▶ WHAT THIS TASK INVOLVES
No picture belongs in the answer, which must hold exactly the lines from the one with "MIELOPATIA ESPONDILÓTICA CERVICAL" through the final line below.

[Stored dataset items]

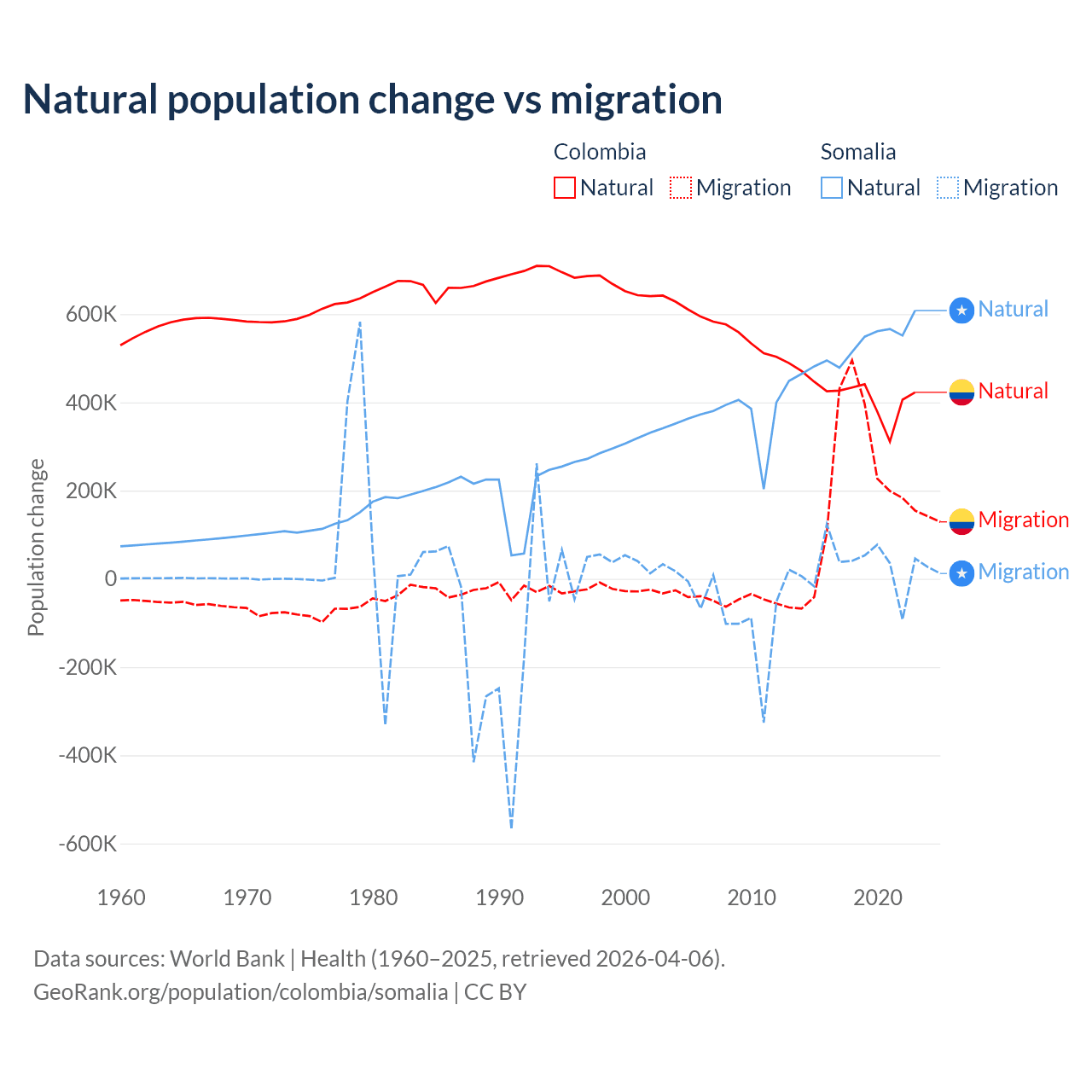 Over the last 10 years, 66.6% of the population change in Colombia is from natural causes (a gain of 4,162,856 people) and 33.4% is from migration (a gain of 2,083,051 people). In Somalia 94.4% is from natural causes (a gain of 5,270,105 people) and 5.58% is from migration (a gain of 311,487 people).
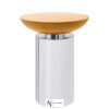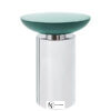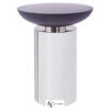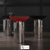 Столешница из полированной и протравленной смолы на цилиндрическом металлическом основании. Верх из смолы доступен в девяти цветах: янтарь, аметист, пепел, аквамарин, гагат, розовый кварц, рубин, сапфир, топаз. Металлические отделки доступны в покрытой сталью или с порошковым покрытием.
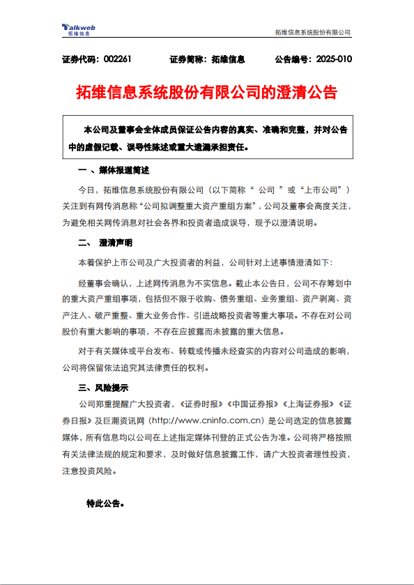 拓维信息3月6日发布澄清公告称,关注到有网传消息称“公司拟调整重大资产重组方案”,公司及董事会高度关注,为避免相关网传消息对社会各界和投资者造成误导,现予以澄清说明。经董事会确认,上述网传消息为不实信息。截止本公告日,公司不存筹划中的重大资产重组事项,包括但不限于收购、债务重组、业务重组、资产剥离、资产注入、破产重整、重大业务合作、引进战略投资者等重大事项。不存在对公司股价有重大影响的事项,不存在应披露而未披露的重大信息。对于有关媒体或平台发布、转载或传播未经查实的内容对公司造成的影响,公司将保留依法追究其法律责任的权利。
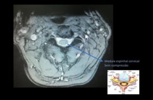 MIELOPATIA ESPONDILÓTICA CERVICAL O estreitamento da cana vertebral cervical ocorre devido à presença de abaulamentos ou hérnias discais, juntamente com osteófitos, formando o complexo disco
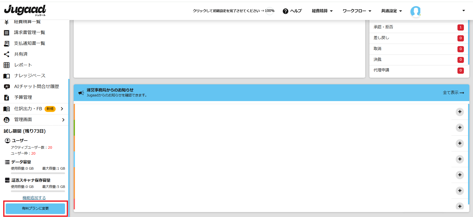 こちらではJugaadのプラン変更や契約内容の変更についてご案内いたします。

▶ SOLUTION FOR THIS PROBLEM
 MIELOPATIA ESPONDILÓTICA CERVICAL O estreitamento da cana vertebral cervical ocorre devido à presença de abaulamentos ou hérnias discais, juntamente com osteófitos, formando o complexo disco
 こちらではJugaadのプラン変更や契約内容の変更についてご案内いたします。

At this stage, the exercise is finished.